Another way of doing this is to rank the TFactors from smallest to largest and also rank the years and correlate these ranks. This is Spearman's rank correlation and makes fewer assumptions. Like the normal correlation coefficient, a positive value of rho indicates an upwards trend and a negative value a downwards trend and statistical tests can be carried out to estimate how likely it is that the particular value is different from zero (p). So, if p<=0.05 and rho is negative we can conclude there is evidence for a significant decline whilst if rho was positive, a significant increase. Otherwise (p>0.05) we conclude there is no evidence of a change.

In this particular example, Anasimyia transfuga, like many specialist wetland species, has shown a sustained downward trend in the frequency with which it has been recorded. Spearman's rank correlation suggests that this is a strong and highly significant downward trend. Hence, this species would be classed as "Decreasing".

Problems

Frescalo assumes that the species discovery curve, the relationship between how frequently species were observed and the amount of recording effort expended in making these observations, is consistent across time and space. If this assumption is not correct then the analysis will be biased. We have reason to believe that the behaviour of recorders has changed over recent years, notably the numbers of records we are getting that are based on people submitting photographs on line.

This sort of recording has increased markedly, especially since the Hoverfly Facebook page was established and in 2018 more than half of the records received by the HRS were from this source. These photographs are heavily dominated by large, obvious and attractive flower visitors. More obscure, small and difficult-to-identify species are poorly represented, especially if they do not tend to visit flowers. This has the effect of increasing the relative frequency of large, obvious flower visitors and decreasing the frequency with which small, cryptic non-flower visitors are observed. This, in turn, will change the form of the species discovery curve and so effect the validity of the analysis.

Consider the following two plots in which the trend calculated for all records from 1980-2018 (blue) is compared to a trend based on a dataset of records from more experienced recorders (orange): These were defined as recorders who have submitted records of at least 100 species This has the effect of excluding casual recods and those from recorders who only cover a few of the large and obvious species.
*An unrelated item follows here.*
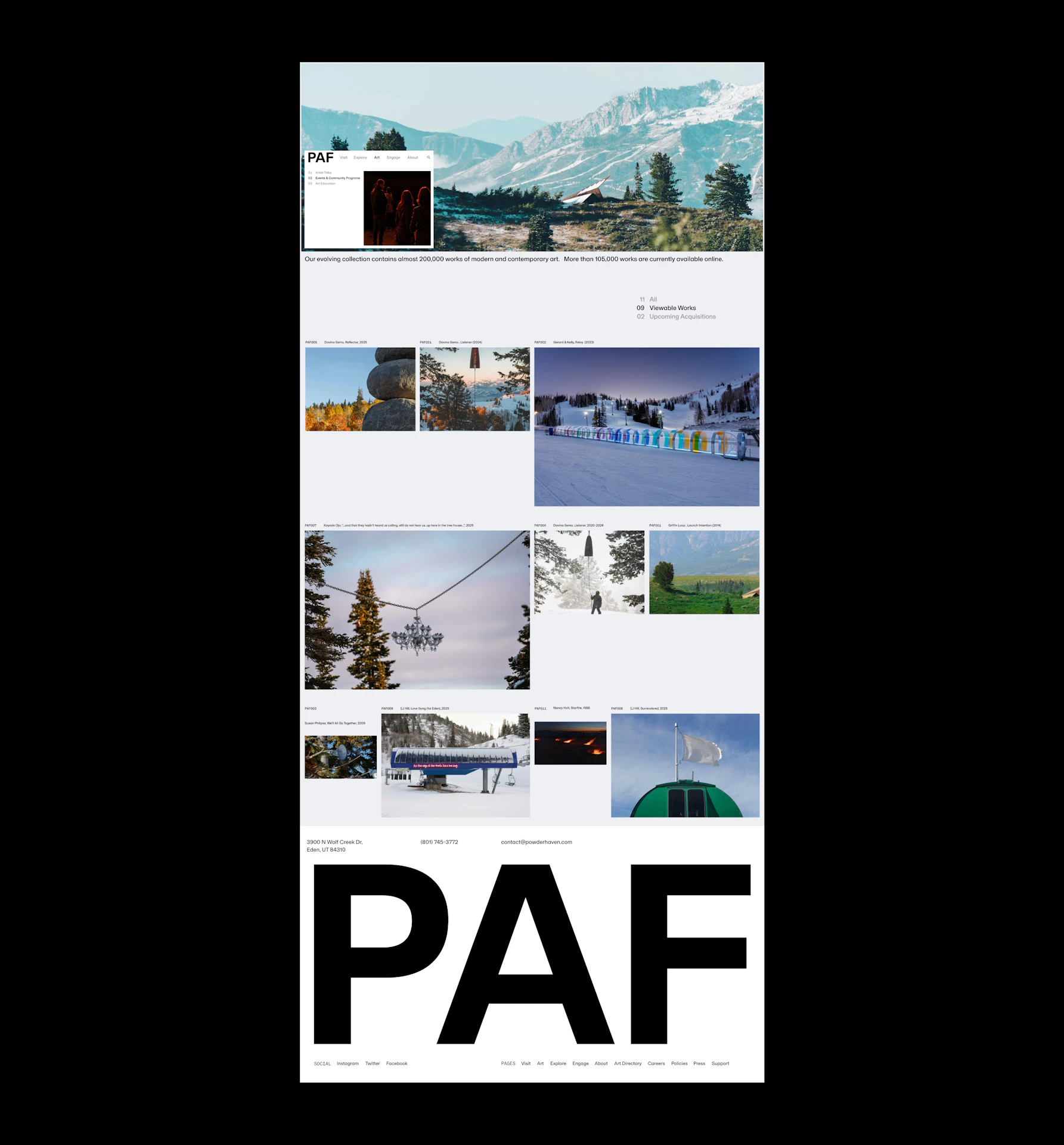 We were able to build on the foundation's unique identity through an exploration in clear navigation that provides context. The Powder Art Foundation gained a digital presence that positions culture as a defining pillar of the Powder Mountain experience. It invites residents and visitors alike to explore, discover, and engage with art as an integral part of life on the mountain.

These plots compare trends for Eristalis tenax and Platycheirus clypeatus.

Eristalis tenax

Eristalis_tenax_frescalo

Platycheirus clypeatus

PLatycheirus_clypeatus_frescalo

These plots illustrate the effect of the change in recorder behaviour. Eristalis tenax is a large and very abundant flower visitor that often occurs in gardens and urban areas. It is one of the most frequently photographed species. By contrast, although Platycheirus clypeatus is a widespread and frequent species, it is small, mainly black in colour and rarely visits flowers (although is does visit flowers of wind-pollinated plants such as grasses, sedges and plantains to obtain pollen). It is not often photographed.
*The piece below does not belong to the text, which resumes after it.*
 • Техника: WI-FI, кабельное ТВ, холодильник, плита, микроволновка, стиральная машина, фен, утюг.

The increasing impact of casual records of more obvious species over the last decade or so in increasing the relative frequency of the big and obvious flower visitor and decreasing the relative frequency of small and cryptic non-flower visitor are clearly shown. This tends to make it more likely that the photogenic flower visitor will be classed as "Increasing" whilst the small and cryptic species will be classed a "Decreasing".

Bear this in mind when looking at trend plots! We are working with statisticians to try and develop more sophisticated methods which can take these changes in recorder behaviour into account.


  1. Hill, M. O. (2012). Local frequency as a key to interpreting species occurrence data when recording effort is not known. Methods in Ecology and Evolution, 3(1), 192–205.